First Author  Wang H Year  2017
Journal  PLoS One Volume  12
Issue  8 Pages  e0182844
PubMed ID  28832675 Mgi Jnum  J:248072
Mgi Id  MGI:5917393 Doi  10.1371/journal.pone.0182844
Citation  Wang H, et al. (2017) Time-course global proteome analyses reveal an inverse correlation between Abeta burden and immunoglobulin M levels in the APPNL-F mouse model of Alzheimer disease. PLoS One 12(8):e0182844
abstractText  Alzheimer disease (AD) stands out amongst highly prevalent diseases because there is no effective treatment nor can the disease be reliably diagnosed at an early stage. A hallmark of AD is the accumulation of aggregation-prone amyloid beta peptides (Abeta), the main constituent of amyloid plaques. To identify Abeta-dependent changes to the global proteome we used the recently introduced APPNL-F mouse model of AD, which faithfully recapitulates the Abeta pathology of the disease, and a workflow that interrogated the brain proteome of these mice by quantitative mass spectrometry at three different ages.

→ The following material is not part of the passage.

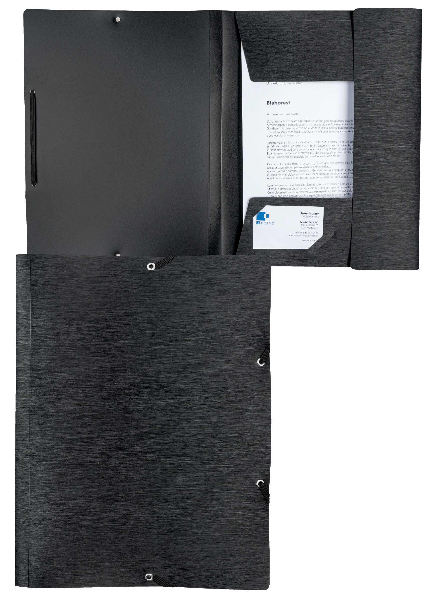 Recycling kann so schön sein! Diese Gummizugmappe ist aus 100% rezykliertem Post Consumer Abfall von PP Bechern. Dennoch besticht es mit seiner edlen Optik und Haptik. Unser LineaVerde Material ist 8 Mal nachhaltiger als Papier. Zudem ist PP zu 100% rezyklierbar. Die Gummizugmappe ist ideal für die Ablage von Dokumenten bis Format A4. Das Elastband verhindert das Herausrutschen des Inhaltes. Dank der grossen Innenöffnung können die Unterlagen leicht eingefüllt werden. Inklusive Perforation für Visitenkarten.

The elevated Abeta burden in these mice was observed to cause almost no changes to steady-state protein levels of the most abundant >2,500 brain proteins, including 12 proteins encoded by well-confirmed AD risk loci. The notable exception was a striking reduction in immunoglobulin heavy mu chain (IGHM) protein levels in homozygote APPNL-F/NL-F mice, relative to APPNL-F/wt littermates. Follow-up experiments revealed that IGHM levels generally increase with age in this model. Although discovered with brain samples, the relative IGHM depletion in APPNL-F/NL-F mice was validated to manifest systemically in the blood, and did not extend to other blood proteins, including immunoglobulin G. Results presented are consistent with a cause-effect relationship between the excessive accumulation of Abeta and the selective depletion of IGHM levels, which may be of relevance for understanding the etiology of the disease and ongoing efforts to devise blood-based AD diagnostics.